The merits of the school have manifested themselves clearly since the school’s foundation in 2003. We know we’re doing this right when we get positive feedback and appreciation. The career opportunities and boosts are not just marketing cliché here, but a reality. The school has a remarkable impact on many students’ lives. To give you an example, many original Wolfram R&D members, who later helped to form a machine learning and neural networks team, first had been students at the Wolfram Summer School and worked at the school on advanced data science projects.
My own professional path is a perfect example of how the Summer School changes lives. When I came to the Summer School as a student in 2010, I was a professor at the City University of New York. Those three weeks were life-changing enough for me to completely change my career path, leave academia and join Wolfram Research. Now I serve as the director of community engagement and take part in many exhilarating projects, including the development and management of the corporate social network, Wolfram Community. I returned to the Summer School as a faculty member every year until 2017, when I filled the shoes of the former academic director.
Takeaways for the Future
Relationships, both of the students with each other and with Wolfram, last long after the Summer School is over.
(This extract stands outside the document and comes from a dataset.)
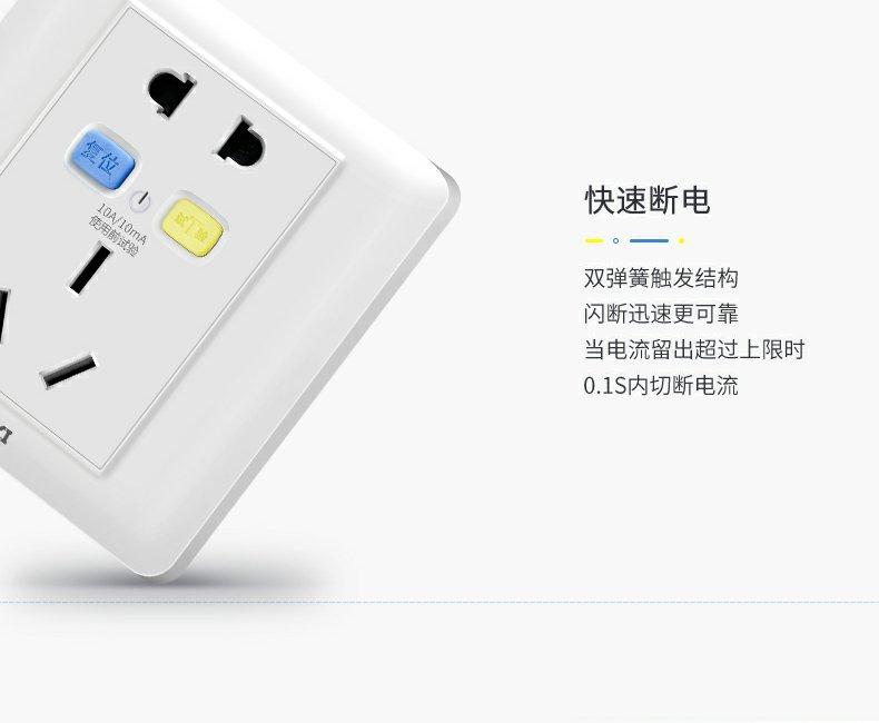 4. El enchufe de fuga 10A se usa generalmente en enchufes convencionales de cinco orificios, y 16A se usa en enchufes especiales de 16A (como aires acondicionados, calentadores de agua, cocinas integrales, etc.)

Some will return to the school, some will get internships or employment, some will continue projects and make publications, and some will just keep in touch for potential opportunities.
We also introduce our students to other companies who are interested in their expertise in Wolfram technologies, which are widely used in industry and academia around the world. One of the most indispensable benefits of the school is its diversity of student ages, cultures, countries, backgrounds and career approaches, from early undergrads to established professionals. For instance, John Cromwell, a professor of surgery at the University of Iowa whose work was featured in The Wall Street Journal, developed this year a machine learning application for predicting surgical site infections and is considering turning it into a real medical application that helps people.
We’re honored to have hosted another talented and diverse group of students. We’re also thankful that both staff and students were able to adapt to the unforeseen changes the Summer School underwent this year. Participants certainly have bright futures ahead, and we look forward to seeing more of their contributions and ways they can incorporate Wolfram technology in their fields.